Aytek Genc

Personal information
- Full name: Aytek Genc
- Date of birth: 3 February 1966 (age 59)
- Place of birth: Ankara, Turkey
- Position(s): Attacking Midfielder

Team information
- Current team: St George Football Association

Youth career
- 1983–1984: Bankstown Soccer Club
- 1985: Marconi Stallions
- 1986: Auburn Uruguay

Senior career*
- Years: Team / Apps / (Gls)
- 1986–1989: Penrith Uruguay / 61 / (26)
- 1989–1993: Parramatta Eagles / 67 / (11)
- 1994–1995: Johor FC / 53 / (28)
- 1995–1996: Sydney United / 19 / (3)
- 1996: Johor FC / 30 / (12)
- 1996–1997: Sydney United / 13 / (3)
- 1997–1998: Johor FC / 54 / (17)
- 1999–2002: Sydney United / 57 / (4)

International career
- 1991–1997: Australia / 3 / (1)

Managerial career
- 2002–2004: Sydney United Technical Director Youth Football
- 2004–2005: St. George Assistant Coach
- 2006–2007: Blacktown City Demons
- 2007: Sydney FC Assistant Coach
- 2008: Blacktown City Demons Manager
- 2009: Sydney Olympic FC
- 2010–present: Oakhill College Head Coach
- 2010: Blacktown City Demons
- 2010–present: St. George Football Association Director of Football

= Aytek Genc =

Australian soccer player and coach

Aytek Genc (Aytek Genç; born 3 February 1966) is a former Australian soccer player and was the coach of the Sydney Olympic FC in the NSW Premier League. Considered one of the most technically gifted players in the Australian National Soccer League (NSL), he featured in over 350 professional games over a career period of 15 years. Genç won three official caps for the Australia national soccer team and spent five years of his playing career in Malaysia with Johor FC.

==Early career==
Aytek Genc was born in Ankara, Turkey. He came to Australia as a child. Aytek Genc played his junior football in Sydney's Granville, Nepean and Southern Districts. At the age of 16 (1983) Genc was chosen for the Australian U16 Indoor Soccer team which toured the United States. Genc's first professional contract was in 1984 with the Bankstown Soccer Club in the National Premier Leagues NSW. In 1985, Genc played for the Marconi under 19 team and made his National Soccer League debut in the final game of the season. Between 1986 and 1989 Genç played for the Penrith Uruguay club in the National Premier Leagues NSW.

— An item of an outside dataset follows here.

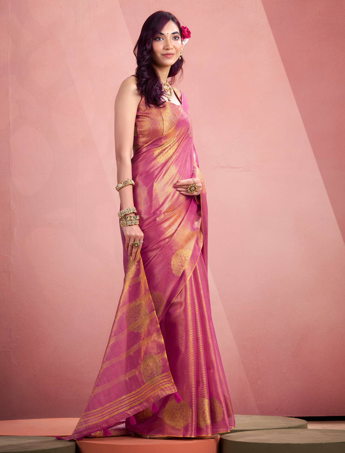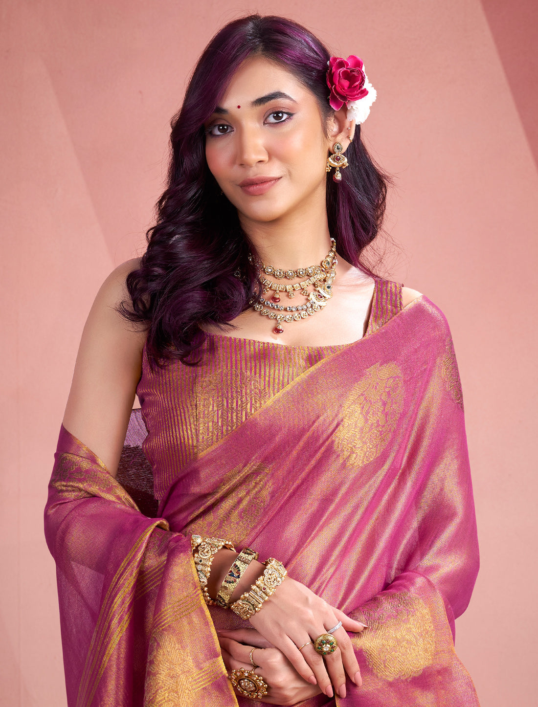 Raspberry Tissue Silk Party Wear Ethnic Woven Saree
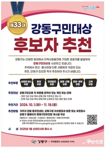 °­µ¿±¸(À̼öÈñ ±¸Ã»Àå)°¡ ¿À´Â 11¿ù 18ÀÏ(¿ù)±îÁö ¿ÃÇØ °­µ¿À» ºû³½ ¡®Á¦33´ë °­µ¿±¸¹Î´ë»ó¡¯ Èĺ¸ÀÚ¸¦ ã´Â´Ù°í ¹àÇû´Ù. ¸Å³â ±¸´Â ´Ù... [±¸Á¤¼Ò½Ä] ±¸¹Î½Å¹®

==National League and overseas career==
At age 22 Genc joined Parramatta Eagles then coached by Raul Blanco and played his first full season in the Australian NSL. Genc became a favourite of the Parramatta fans and was known for his speed and skill on the ball. Genc came to the attention of the then National Team coach Eddie Thomson who handed Genc his first cap in the Trans-Tasman Series against New Zealand. Genc went on to earn 3 caps for Australia his last in 1997 under Terry Venables. He played in a friendly match for Australia against the great AC Milan team of the early '90s.

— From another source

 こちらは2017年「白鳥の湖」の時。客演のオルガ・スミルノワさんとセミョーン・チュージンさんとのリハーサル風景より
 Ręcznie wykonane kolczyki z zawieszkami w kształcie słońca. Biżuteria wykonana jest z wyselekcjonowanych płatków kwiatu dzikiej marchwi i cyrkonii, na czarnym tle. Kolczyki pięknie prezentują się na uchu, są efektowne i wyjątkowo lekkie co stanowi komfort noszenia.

Aytek Genc was offered playing opportunities with Turkish club Trabzonspor and with Korean side Posco Atoms, however both opportunities fell through due inopportune injury and negotiation problems. In 1994 Genc moved to Malaysian side Johor FC and played five seasons in Malaysia where he became a legend with the Johor fans. During those years Genc came back to Australia in the Malaysian off season to play for the Sydney United team coached by Branko Culina, and was a member of the 1997 side. This team was considered one of the greatest NSL sides ever. In 1999 Genc finally returned to Australia finish his playing career and captained NSL side Sydney United until his retirement in 2002.

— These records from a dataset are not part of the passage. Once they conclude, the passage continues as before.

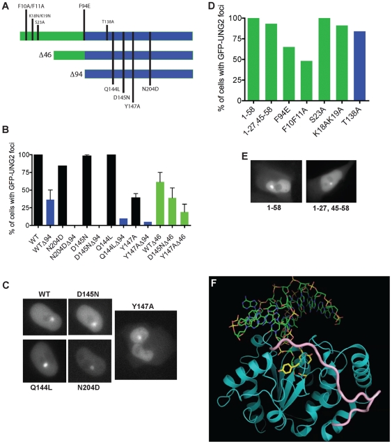 Figure 12. Requirements for UNG2 accumulation at sites of DNA damage.A. Schematic representation of truncations and point mutations tested in this study. B. Percent of cells with GFP-UNG2 foci at sites of laser-induced damage are shown, along with example images of the full-length catalytic site mutants. Full-length mutants (black bars) were all competent for accumulation, except for Y147A. 46 truncations (green bars) exhibited decreased focus formation. 94 truncations (blue bars) were consistently the least competent, particularly the D145N and N204D versions. C. Example images of full-length mutants shown in part C. D. Percent of cells with GFP-fusion foci at sites of laser-induced damage, using N-terminal peptides lacking the catalytic domain (example images in part E), or non-catalytic point mutations in full-length UNG2. E. Example images of two mutants shown in part D. F. Molecular dynamics model showing that the N-terminal residues of UNG2 (residues 65–85; pink), could potentially interact with the catalytic domain (structures 1AKZ, 1EMH, 1SSP, [27], near active site residue Y147 (pink). |
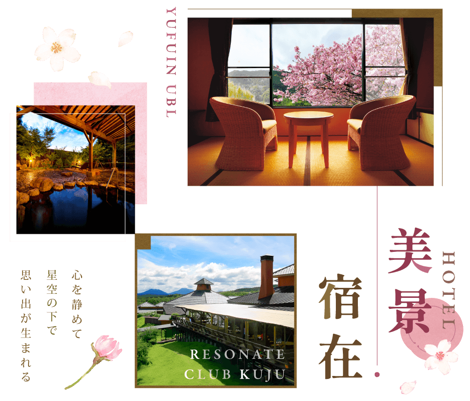 由布院 悠碧蘆.晴日旅遊邀請您!今晚,直接住在「風景」中。座落於由布岳山釐隱宿,來自金麟湖的風在此緩緩落腳,在窗邊為您演奏優雅樂章;聆聽鳥叫蟲鳴遠離塵囂,倘佯山川草木四季輪轉,沉浸氤氳裊裊溫泉風呂,「心」已在大自然慢板中沉醉。
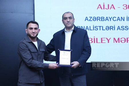 Награду руководителю спортивного отдела Report Кянану Гасанову двукратный олимпийский призер, трехкратный чемпион мира и четырехкратный чемпион Европы по вольной борьбе Гаджи Алиев.

==Playing/coaching honours and achievements==

- Australian Under 16 Indoor Soccer Representative 1983
- NSW Representative 1991, 1993
- Australian National Team (3 Caps)
- Winner NSL Cup with Parramatta Eagles
- NSL Minor Premiership and Grand Final Runner-up with Sydney United
- Winner NSW Premier League Premiership with Blacktown City Demons (Coach-2006)
- Winner NSW Continental Tyres Cup (Coach-2006)
- Winner NSW Premier League Premiership and Grand Final with Blacktown City Demons (Coach-2007)
- Head Coach 1st XI Football Oakhill College 2010

==Coaching career==
Triple Championship Winning Coach in the NSW Premier League in 2006, 2007 and 2010. Assistant Coach of Sydney FC in 2009.
His return to Blacktown from Sydney FC & Sydney Olympic was successful; he led the team to the NSW Premier League title, while also coaching the Oakhill College first XI.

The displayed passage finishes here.